If you have bad credit, this can be difficult to prove, but not impossible. Show the loan officer proof that you’ve paid off other assets in the past. A paid off car loan is a good start. If you’ve consistently paid your monthly bills on time, show them proof of that.
If you’ve lived in the same home for a long time and have a steady job, you have a better chance of being approved for a loan.
Alternatives to personal loans for bad credit
There aren’t many options for people with bad credit who need to borrow money. That’s because they’re considered a high credit risk.
If they do qualify for a loan, even a personal loan, it will be at a higher interest rate than if they had a higher credit score.
Some of the best options are the ones we listed up top. These include a loan from a family member, home equity loan or getting a co-signer on a loan. But those can move the responsibility of the loan to someone else if you don’t pay, or require collateral.
Another option is a payday lender. These loans can leave you in deeper debt than when you started.
Your local credit union may be your best option for an unsecured personal loan. All federal credit unions have a maximum APR of 18 percent on loans. That applies to borrowers with low incomes and low credit scores, according to the National Credit Union Administration.
Things to keep in mind while applying
Here are some things you should look out for in the contract:
- Minimum credit score – At least a score of 580 may be needed.
- Fees – These vary by state, and can include origination fees, late fees, a personal check fee and returned payment fee.
- Loan term – This usually varies between one and five years.
- APR – What is the interest rate and is it fixed for the life of the loan?
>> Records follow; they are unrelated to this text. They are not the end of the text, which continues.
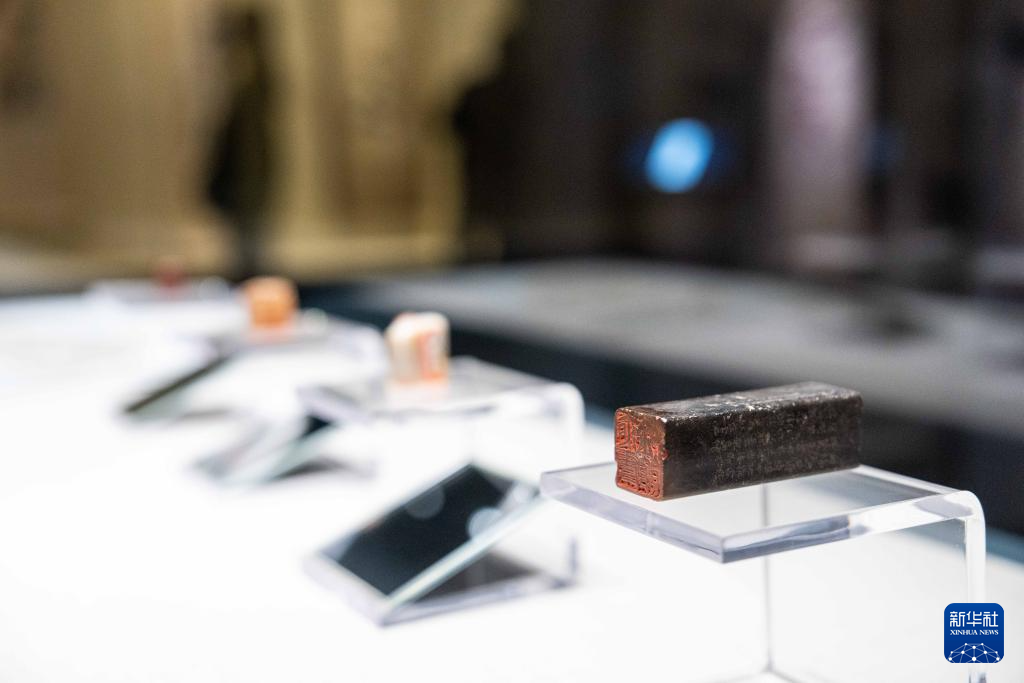 11月5日,在湘潭市博物馆,观众在观看齐白石印章作品。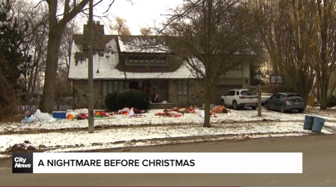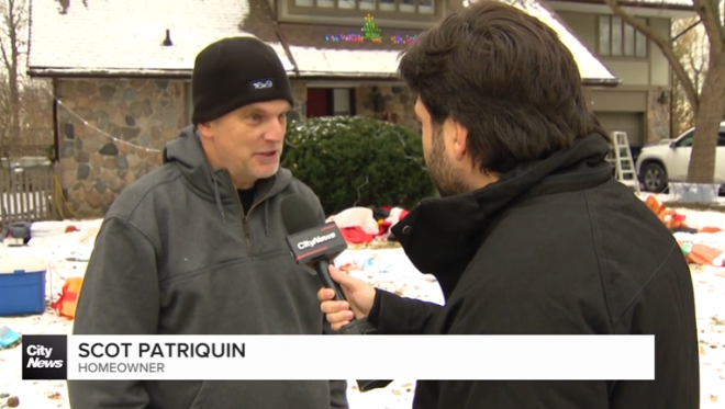 屋主Scot Patriquin住在Guildwood,是3个孩子的父亲。每年圣诞节,他们一家都会在前院打造一个超大型“圣诞主场景”:雪人Frosty、圣诞老人、红鼻子驯鹿Rudolph、雪怪、以及马槽耶稣诞生场景。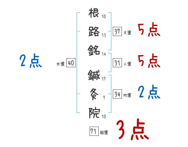 総運![]() | 根路銘鍼灸院さんの総運は71画の3つ星!力が弱く小心者だが、いずれ安泰を手に入れる。 あなたの人生を表す1番重要な運勢です。生涯を通じて影響する総合運となり、主に50歳以降の晩年期に影響を及ぼします。 |

The Truth in Lending Act requires that the cost of credit be stated as a dollar amount and as an APR.
- Time to funding – Will you get the money the same day? It can take three business days or so to get you the loan amount.
Personal loans for bad credit shouldn’t be used as a way to extend your debt problems. If you can pay a personal loan off on time, it can start to improve your credit score. Doing that may be the best long-term solution to getting better credit options.